# Favorite Anime:



## Tensei85

Whats your favorite Anime's? Mine are too long to list but I'll name some:


Soul Eater
Naruto Shippuuden
Bleach
Dragonball Z (old school)
Ranma 1/2
Claymore
Deathnote
Histories strongest disciple kenichi
X
Saiyuki (series)
Rahxephon
Samurai Deeper Kyo
7 Samurai
Jack Frost
Shura No Toki

and quite a few more...


----------



## Tensei85

Ok, so it appears I'm the only one here that watches anime... I'm a little worried about that, but its fine. 

That's fine I'll converse with myself then (had plenty of practice)


----------



## seasoned

With 12,880 members, you would think someone would step up. I know nothing about Anime, but at least you are not alone, to converse with yourself.


----------



## Ronin74

Just saw this one. I remember watching Star Blazers and Grandizer as a kid, and between then and now, the one anime I always loved watching was Dragon Ball Z, hands down, followed closely by Street Fighter II V.

For my honorable mention list, I'll go with a few movies:

Fist of the North Star
the Fatal Fury (the motion picture and the two OAV episodes)
the Street Fighter II movies


----------



## JadecloudAlchemist

Well my avatar is Pinoko and Largo from Blackjack so I like Blackjack.
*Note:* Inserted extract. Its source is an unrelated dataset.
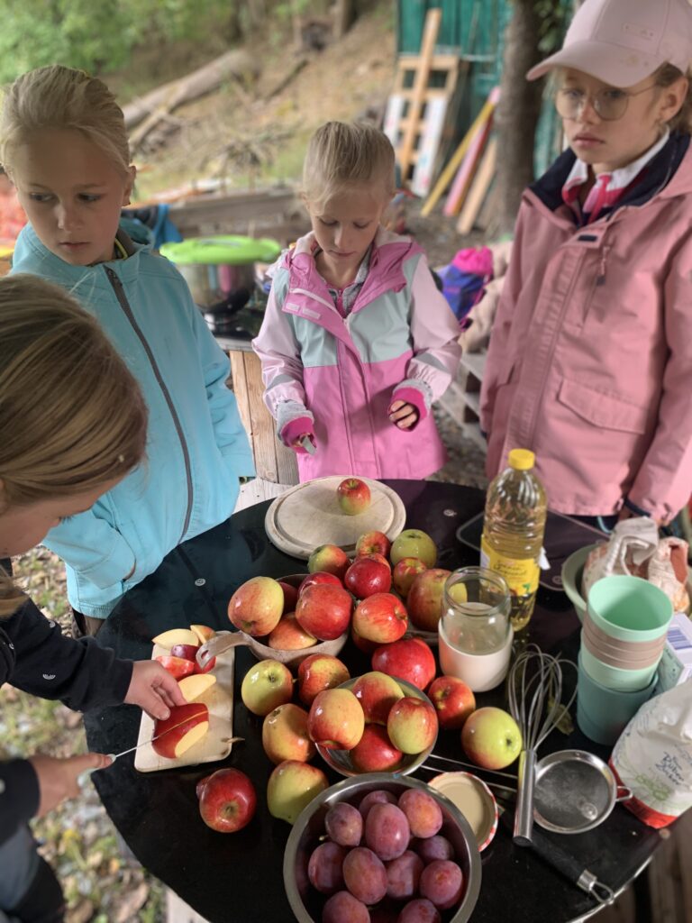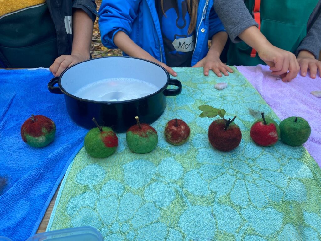Auf den Fotos: „Entstauben“ der Hütten, Holz machen und Apfelernte / Apfelkompott zubereiten während der Werkeltage; Äpfel filzen beim Naturgartentag des OGV; Beschilderung des WGM; Waldweihnacht

Great teacher Onizuka(reminds me of me)

Ranma 1/2(Classic boy/girl romance with a twist my favorites are Shampoo,Ranma,Genma)

Urusei Yatsura.(One of Rumiko's first work of romance comedy)

Rurouni Kenshin(very good story)

Ping pong club(very funny my favorite are Maeno and Izawa)

Shuffle!(Typical romance comedy throw one highschool guy and a bunch of girls and instant comedy it runs alot in anime I like Primula she is cute)

Ebichu(Really funny really dirty Ebichu is really funny)

DNA2(Junta is funny it is a funny anime too)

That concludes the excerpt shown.